I had a similar behavioral issue with my dog. Quinn was bumped by a car when my father let her outside without a leash on when she was six months old (sore subject). After this, she was so scared to leave the house that she clawed at the sidewalk. She cowered whenever a car drove by and sat with her tail between her legs, looking absolutely miserable.

For weeks, I catered to her. After all, she's my baby! I didn't want her to be scared, so we stayed around the yard. Things didn't get any better. She continued to be so incredibly fearful. I decided to take her to a nearby trainer that was offering a free training session as a gift for the holidays. I thought it would be a waste of time, honestly.

What that trainer did within an hour with my dog changed everything back to normal.

He explained that I was mothering her too much and, while he was a bit more dominant than I am to this day, he put a prong collar on her. Many people think prong collars are bad (which is what I first thought), but gently "tugging" her to walk with me was the ONLY way she realized that she had to walk. I wasn't going to let her be scared anymore.

It was a bit uncomfortable at first. She clearly wasn't in pain, but she didn't know what to think. But, the prong collar seriously made all the difference for us -- and I'm someone who NEVER thought I'd suggest that.

Feel free to ask me any questions about it! 6 months later and we're walking confidently and normal again.


----------



## Jeriram (Mar 26, 2012)

Hi - Someone else suggested a prong collar this weekend. I have a card of a trainer that comes highly recommended. I am going to have her come on a walk with us and give us tips - Are you still using the collar?


----------



## Maxy24 (Mar 5, 2011)

I would not use a prong collar on a dog reactive dog. Every time the dog sees another dog he feels the pain of the collar and can become dog aggressive (or more dog aggressive) as a result. Dogs=pain.

What certification does this trainer have? APDT?


----------



## Grey (Jul 6, 2012)

Yes! We don't use it every single time on our walks anymore since she feels confident walking again, but we do use it if we're going to be around a lot of traffic as a precaution since she still doesn't love trucks.

We bought ours for $10 through the trainer. They're about double that at PetSmart when I looked. They come with extra links so, if their necks grow, you can expand it.

Let me know how it goes! I hope you have as much success as I did. Don't be dismayed if your dogs look uncomfortable at first since they're confused. It's more like a tug from the mother dog's mouth when they carried them around when they're younger. Trust me, once they learn that you're the "leader," it will be fine. 

And this is all coming from someone who admittedly babies her dog to death!

P.S. You can attach a photo to your name by going into "Settings" (top right of the page) and then "Edit Avatar." "Edit Profile Picture" is the picture on your profile, but the avatar is what will show up on your forum posts.


----------



## Grey (Jul 6, 2012)

Maxy24 said:


> I would not use a prong collar on a dog reactive dog.
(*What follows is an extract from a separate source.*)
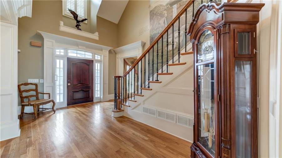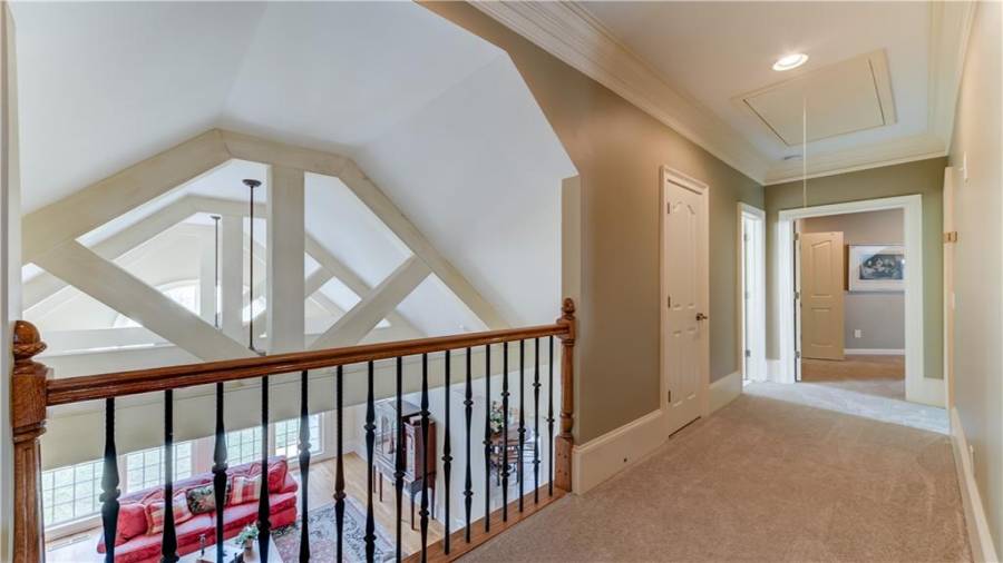 : Cathedral Ceiling(s), Disappearing Attic Stairs, Tray Ceiling(s), Walk-in Closet(s), Beamed Ceilings, Entrance Foyer 2 Story, Bookcases, Coffered Ceiling(s)

Every time the dog sees another dog he feels the pain of the collar and can become dog aggressive (or more dog aggressive) as a result. Dogs=pain.
> 
> What certification does this trainer have? APDT?
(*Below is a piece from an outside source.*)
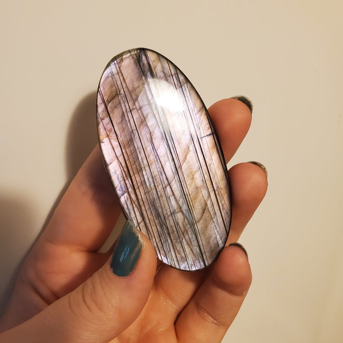 This big and flashy Labradorite is soft mauve with a brilliant orange undertone.

It's not "pain" -- it's only painful if you use the collar incorrectly. That's why you'd want to learn from a trainer so it's a gentle tugging and not a yaaaaank. I thought it was "PAIN!" at first, too.

The most important thing I learned about the entire experience was that, on walks, your dog needs to know that you're leading them -- they're not leading you. It helps you learn control. I didn't have that. When she has her prong collar on, she knows to casually stick close to me -- but she's never, ever afraid to put it on. She wags her tail eagerly for it because she knows we're going on a walk.

You just want to make sure you don't get to the point where they associate it with pain.


----------



## Maxy24 (Mar 5, 2011)

I don't believe in dominance theory, that being a "leader" will make your dog's bad behaviors go away. I believe in training. In your case you could choose how hard to tug the prong, when talking about a reactive dog they will run to the end of their leash and lunge, I've seen reactive dogs hit the end so hard they flip through the air. Doing that on a prong would most certainly hurt. Running to the end of the leash with force on a prong will hurt. Would you be willing to wear a prong, attach a leash, tie it to a stationary object, and run as fast and hard as you can to the end of your leash? Because that's what many aggressive/reactive dogs do. If they don't do that then the owner will still likely have to be dragging the dog on a prong while he is fighting to get to the other dog, dragging your dog's entire weight plus the force they are putting in to fight you on a prong must also hurt.

Your dog walks well on a leash because fighting it hurts (or perhaps is uncomfortable if she hasn't hit the end hard or been yanked hard), not because she sees you as the leader. She simply knows fighting or refusing to move is worse for her than facing her fear because the prongs are painful or uncomfortable. What makes you think it feels like a mom carrying a pup? I hear stuff like that all of the time "it is like a mom correcting her puppy!", 90% of a dog "correcting" another dog is body language and noise, and when contact is made I highly doubt it feels like a ring of pointy metal things surrounding the neck and sinking in. It's not some "natural" social thing, it works because it feels uncomfortable or painful and thus is punishing for the dog. Simple operant conditioning, nothing to do with dominance or being the leader. Your dog found the collar more painful or uncomfortable than the fear she felt about walking, so she chose the lesser of two evils. 

I doubt your dog knows the collar is what's causing the painful or uncomfortable sensation, and walks are really fun, so I'm sure she does get excited to see it. Just like dogs get excited to see shock collars if it means it's time for a trip to the park. That doesn't mean the shock doesn't hurt.

I'm not even completely anti-prong (though I am completely anti collar corrections), I just hate when people don't acknowledge that it works by causing pain or discomfort, and that's it.


----------



## Jeriram (Mar 26, 2012)

Thanks - I put up a picture of Sheba! I need one of the two of them together. After reading posts - I will wait to change their collar again until I work with a trainer. Thanks everyone! Great site!


----------